Because a random forest model is comprised of many, many individual trees, we cannot interpret it as easily as we did with the CART model in the previous section. With the classification tree we built, we could visualize the tree and understand how the model made predictions. This is not possible with a random forest model, as each prediction is a weighted average of (typically) hundreds of different trees. How, then, can we develop some sense of how the model makes predictions?

One method that has been developed for random forest models is variable importance, which attempts to measure the relative importance of each independent feature (\(X\)) in the model. Following the process described below, each independent feature is ranked according to how important that feature is in predicting the target feature (\(Y\)). This allows one to develop a sense for which information the model is relying on to make predictions.

Feature importance is calculated according to the following steps:

  1. Calculate the Out-of-Bag (OOB) score for each tree in the forest.

    • Remember that each tree in the forest is built on a bootstrap sample of the training data, which means each one of these samples is likely missing some of the observations from the training set. For example, in the visualization of the random forest in the previous section, the first bootstrap sample only contains observations 2, 3, 5, and 6; it does not contain observations 1 or 4. This means that for this sample, observations 1 and 4 are “out-of-bag” (i.e., not included). The OOB score for a tree is the prediction accuracy of that tree on its own out-of-bag observations. For the first tree, the OOB score is therefore the predictive accuracy of that tree on observations 1 and 4.

  2. Randomly shuffle the values of the variable of interest. For example, if we were calculating the feature importance of total_day_minutes, we would randomly shuffle the total_day_minutes column in our data set.

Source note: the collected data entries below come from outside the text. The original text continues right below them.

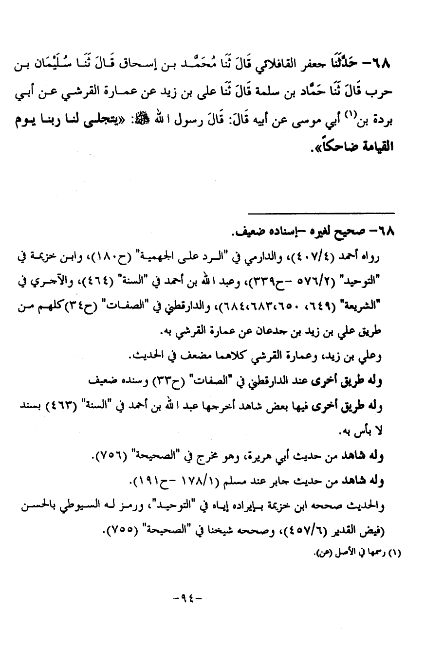 68 - حَدَّثَنَا جَعْفَرٌ الْقَافْلَائِي، قَالَ: ثنا مُحَمَّدُ بْنُ إِسْحَاقَ، قَالَ: ثنا سُلَيْمَانُ بْنُ حَرْبٍ، قَالَ: ثنا حَمَّادُ بْنُ سَلَمَةَ، قَالَ: ثنا عَلِيُّ بْنُ زَيْدٍ، عَنْ عُمَارَةَ الْقُرَشِيِّ، عَنْ أَبِي بُرْدَةَ بْنِ أَبِي مُوسَى، عَنْ أَبِيهِ، قَالَ: قَالَ رَسُولُ اللَّهِ صَلَّى اللَّهُ عَلَيْهِ وَسَلَّمَ: § «يَتَجَلَّى لَنَا رَبُّنَا يَوْمَ الْقِيَامَةِ ضَاحِكًا»
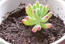 乙女心是景天科景天属的多肉植物,原产墨西哥。多年生亚灌木,茎叶肉质,株高5-30厘米。叶片簇生于茎顶,圆柱状,淡绿色或淡灰蓝色,叶先端具红色,叶长3~4厘米。花小,黄色。春秋为生长季,…全部>>
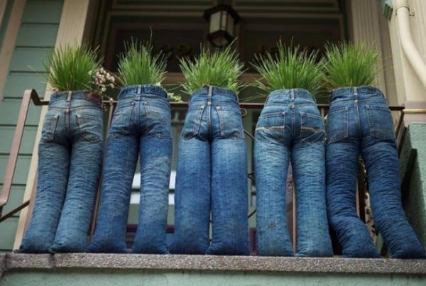 Stuff old jeans with soil and flowers for a quirky and fun planter. Position them to appear as if they are “sitting” in your garden for a playful effect.
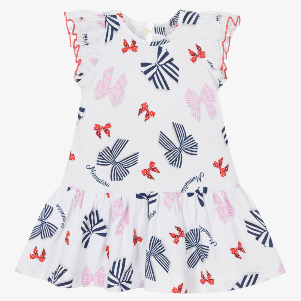 Pretty white cotton dress for little girls by Italian brand Monnalisa. Made in comfortable jersey, it has a bold pattern of pink, navy blue and red bows with logos. There are cute ruffles over the shoulders, one made in lightweight voile with red embroidered trims. The dress fastens with a keyhole button fastening around the back.
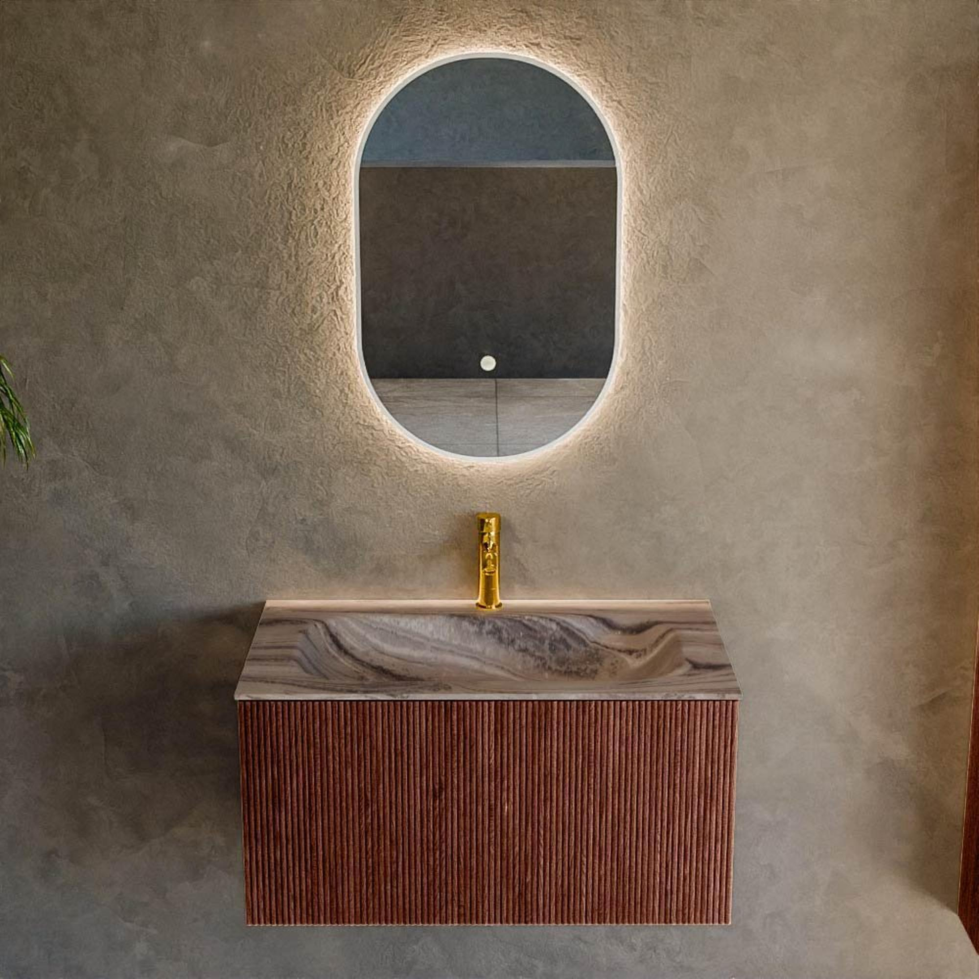 MONDIAZ KURVE-DLUX 80cm badmeubel kleur Ruby met 1 lade en 0 deuren. Wastafel BIG SMALL Midden 1 kraangat Sombra.
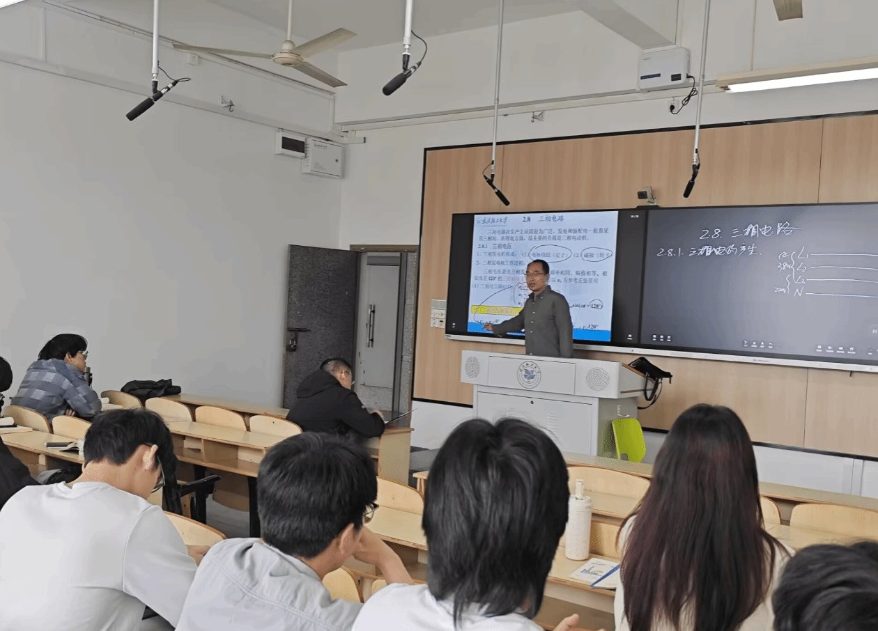 2025年4月22日上午10点10分,2024年-2025年第二学期电工电子教学示范中心教学公开课在科教309展开,授课教师为周天庆,授课课程为电工与电子技术III,授课班级为给排水2301班,应到22人,实到22人.参与的老师有胡涛,张玉姣。首先复习2.5节(阻抗串并联),2.7节(功率因素的提高),然后讲解2.8节三相电路。

Then, re-calculate the OOB score for each tree as we did in Step 1, but now with one of the columns shuffled.

  3. Calculate the final feature importance as the average difference between each tree’s two OOB scores, divided by the standard deviation of those differences.

Below we calculate the feature importance values for our model using the importance() function from the randomForest package, which uses the following syntax:

Syntax

randomForest::importance(x, type = NULL)

  • Required arguments

    • x: An model object created using randomForest().

  • Optional arguments

    • type: Either 1 or 2, specifying the type of importance measure (1=mean decrease in accuracy, 2=mean decrease in node impurity). We will use type=1.

importance(modelRF, type = 1)
MeanDecreaseAccuracy
account_length -0.47729943
international_plan 87.39624108
voice_mail_plan 20.26310596
number_vmail_messages 17.67656001
total_day_minutes110.09831875
total_day_calls -0.05817529
total_night_minutes 12.39616037
total_night_calls 0.12769754
total_intl_minutes 33.71525081
total_intl_calls 45.34214846
total_intl_charge 32.46538656
number_customer_service_calls 88.29258620

This output indicates that total_day_minutes is the most important predictive feature in the model, followed by international_plan, then number_customer_service_calls, etc.

9.2.2. Tuning Hyperparameters

For random forest we can use cross validation to tune the hyperparameter \(m\), or the number of independent features randomly sampled as candidates at each split. As with the other models in this chapter, we can do this with the train() function from the caret package. Note that for random forest, we set method to "rf".

set.seed(972945)
rfCV <- train(churn ~ ., 
                 data = churn,
                 method = "rf", 
                 trControl = cvConditions)

rfCV
Random Forest 

3400 samples
  12 predictor
   2 classes: 'churn', 'no churn' 

No pre-processing
Resampling: Cross-Validated (5 fold) 
Summary of sample sizes: 2719, 2721, 2719, 2720, 2721 
Resampling results across tuning parameters:

  mtry  Accuracy   Kappa    
   2    0.9258848  0.6484207
   7    0.9344173  0.7069461
  12    0.9320622  0.6964866

Accuracy was used to select the optimal model using the largest value.
The final value used for the model was mtry = 7.